A labeled point is a vector, either dense or sparse, associated with a label/prediction target. In Spark MLlib, labeled points are used as input to supervised learning algorithms. For example, in binary classification like HF prediction, a label should be either 0 or 1. For multiclass classification, labels should be class indices starting from zero: 0, 1, 2, .... For regression problem like payment prediction, a label is a real-valued number.

scala> import org.apache.spark.mllib.linalg.Vectors
scala> import org.apache.spark.mllib.regression.LabeledPoint

// Create a labeled point with label 1 and a dense feature vector.
scala> val labeled1 = LabeledPoint(1, Vectors.dense(1.0, 0.0, 3.0))

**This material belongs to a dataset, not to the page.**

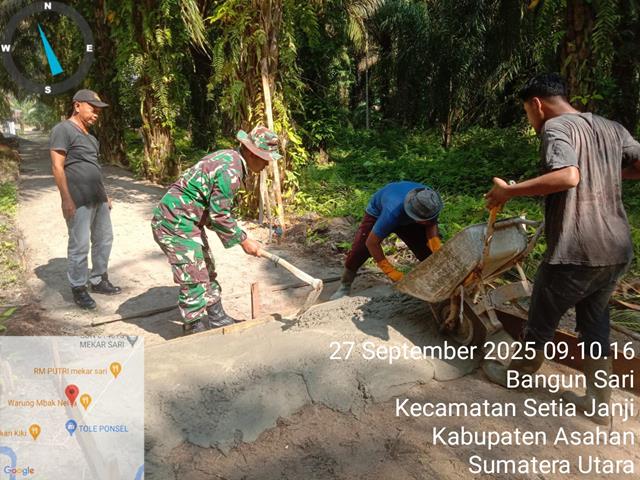 Asahan  |  Selalu hadir di tengah-tengah warga masyarakat binaan, dalam kesempatan ini seperti halnya yang dilakukan oleh Personel Bintara Pembina Desa (Babinsa) Koramil 13/Buntu Pane jajaran Kodim 0208/Asahan Serda Putra Kurnia turun kewilayah desa binaan untuk turut serta melaksanakan kegiatan Gotong Royong bersama Warga Mengecor Jalan diwilayah tersebut, kegiatan Komsos sekaligus membantu warga yang sedang mengecor jalan untuk akses jalan kewilayah tersebut, gotong royong bersama masyarakat memperbaiki jalan di dusun IV bangun sari agar akses warga menjadi lancar dan mudah dilalui, bersama dengan Bapak Badrul (Kadus IV), Bapak Herman (Warga) dan Bapak Nardi (Warga), kegiatan tersebut yang dilaksanakan bertempat di Dusun IV Desa Bangun Sari Kecamatan Setia Janji Kabupaten Asahan, Sabtu (29/09/2025).

// Create a labeled point with label 0 and a sparse feature vector.
scala> val labeled0 = LabeledPoint(0, Vectors.sparse(3, Seq((0, 1.0), (2, 3.0))))

Feature Construction


To apply machine learning algorithms, we need to transform our data into RDD[LabeledPoint]. This feature construction is similar to what we did in Hadoop Pig, but will be more concise since we are programming in Scala on Spark. We will need to consider an one-year prediction window. Specifically, we will only use data one year before HF diagnosis. The figure below depicts relationship between prediction window and target. We can also specify an observation window, inside which data will be used to construct feature vectors. Prediction Window

High level steps are depicted as the figure below process-overview

Our parallelization will be on patient level, i.e. each element in RDD is everything about exactly one patient. Feature and prediction target for each patient is almost independent from the others. Recall that our data file is in the following form:


Each line is a 4-tuple (patient-id, event-id, timestamp, value). Suppose now our goal is to predict if a patient will have heart failure. We can use the value associated with the event heartfailure as the label. This value can be either 1.0 (the patient has heart failure) or 0.0 (the patient does not have heart failure). We call a patient with heart failure a positive example or case patient, and a patient without heart failure a negative example or control patient. For example, in the above snippet we can see that patient 00013D2EFD8E45D1 is a positive example. The file case.csv consists of only positive examples, and the file control.csv consists of only negative examples.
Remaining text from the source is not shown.